Тем не менее вы все же добираетесь до кассы и оплачиваете продукты и вам говорят «хорошего дня» голосом, который больше подходит самой Смерти. Вы везете жуткие рвущиеся пластиковые пакеты с едой в тележке, одно дурацкое колесо которой с маниакальным упорством тянет влево, через всю эту толкучку на замусоренной парковке, и все это для того, чтобы потом тащиться домой в час пик в переполненном внедорожниками и едва передвигающемся потоке машин, и так далее.

Конечно, всем вам это знакомо. Но до сих пор это не входило в вашу жизнь на правах рутины - днями, неделями, месяцами, годами.

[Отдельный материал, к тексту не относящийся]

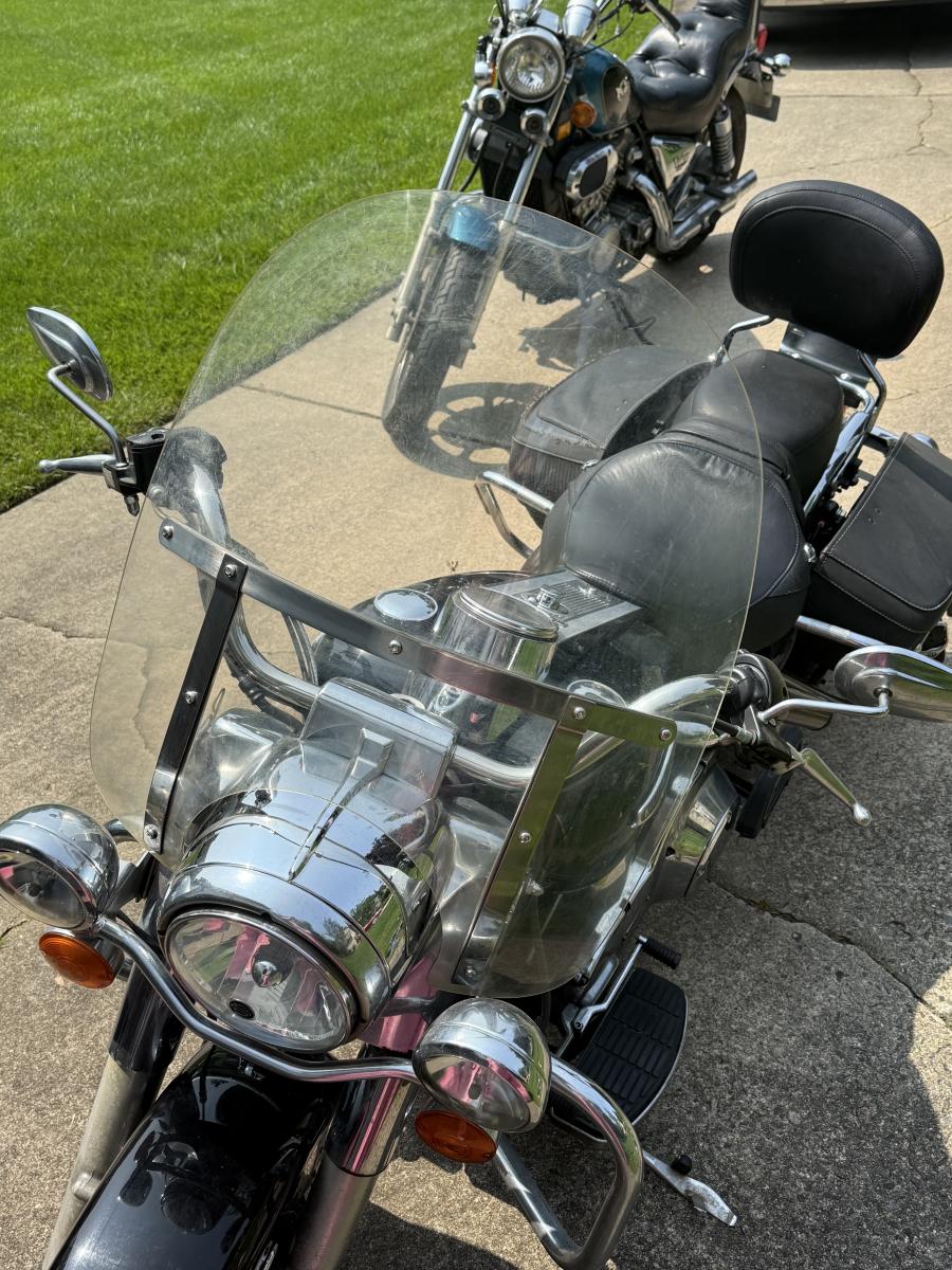 Starts but may need a new battery. Small dent in front of vehicle. One saddlebag has condition issues.

Но войдет. Как и множество других однообразных, раздражающих, вроде бы бессмысленных действий. Впрочем, я не об этом. Суть в том, что такие мелкие раздражители и есть поле деятельности умения выбирать. Потому что пробки, заполненные толпами залы магазина, длинные очереди предоставляют время для раздумий. И если я не сделаю сознательный выбор, как думать и на чем сосредоточить свое внимание, я буду взбешен и несчастен всякий раз, когда мне придется идти за покупками. Ведь мной изначально движет уверенность в том, что все подобные ситуации в самом деле «про меня». Что центральную роль играют мой голод, моя усталость и мое желание поскорее попасть домой, а весь остальной мир, кажется, просто встает у меня не пути. И кто все эти люди? Посмотрите, как большинство из них отвратительно, как они глупы и безжизненны, как нечеловечески выглядит это стадо у кассы, как мерзко и грубо ведут себя громко разговаривающие по мобильному в очереди. И как это все глубоко несправедливо по отношению ко мне.

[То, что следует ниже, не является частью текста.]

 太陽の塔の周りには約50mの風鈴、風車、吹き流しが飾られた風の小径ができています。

Или же, если моя исходная установка чуть более социально ориентирована, я могу проводить время в вечерней пробке, думая о том, как противны эти огромные дурацкие, перекрывающие полосу внедорожники, «Хаммеры» и пикапы, расточительно сжигающие бензин из своих эгоистичных стапятидесятилитровых баков, или о том, что патриотичные или религиозные лозунги, кажется, всегда наклеены на бамперы самых больших, самых мерзких и себялюбивых машинах, за рулем которых сидят самые неприятные… [отвечая на бурные аплодисменты] (правда, это пример того, как не надо думать)… самые неприятные, неосмотрительные и хамоватые водители. И еще о том, как наши внуки будут презирать нас за то, что мы безоглядно использовали все топливо, вероятно, безвозвратно загубили климат, как мы все испорчены, глупы и эгоистичны, как отвратительно современное общество потребления и другие подобные темы.

Думаю, идея ясна.

Если я приму такой ход рассуждения в магазине или на шоссе, ну что же… Многие из нас так и поступают. Вот только думать об этом так просто и естественно, что для этого не нужно делать сознательный выбор. Это наши «настройки по умолчанию». Это непроизвольный способ восприятия скучной, разочаровывающей, тесной стороны взрослой жизни, следующий из автоматического, неосознанного помещения себя в центр мира и понимания своих непосредственных ощущений и потребностей как приоритетных. Но дело-то в том, что, конечно же, думать о подобных ситуациях можно совершенно различным образом. В пробке, среди множества машин, которые стоят или еле ползут передо мной, возможно найдется человек (как раз во внедорожнике), переживший страшную автокатастрофу. Теперь от вождения его пробирает такой ужас, что психотерапевт посоветовал ему купить себе огромный, тяжелый джип, чтобы он чувствовал себя в большей безопасности. А может быть, в том «Хаммере», что только что меня подрезал, отец везет больного или травмированного малыша, стараясь поскорее попасть в больницу, и его действия вполне обоснованы, он торопиться куда больше моего и это я мешаю ему. Еще я могу попытаться принять во внимание, что все остальные люди в очереди в кассу, весьма вероятно, столь же устали и раздражены, как и я сам, а некоторые из них живут более напряженной, утомительной и тягостной жизнью, чем я.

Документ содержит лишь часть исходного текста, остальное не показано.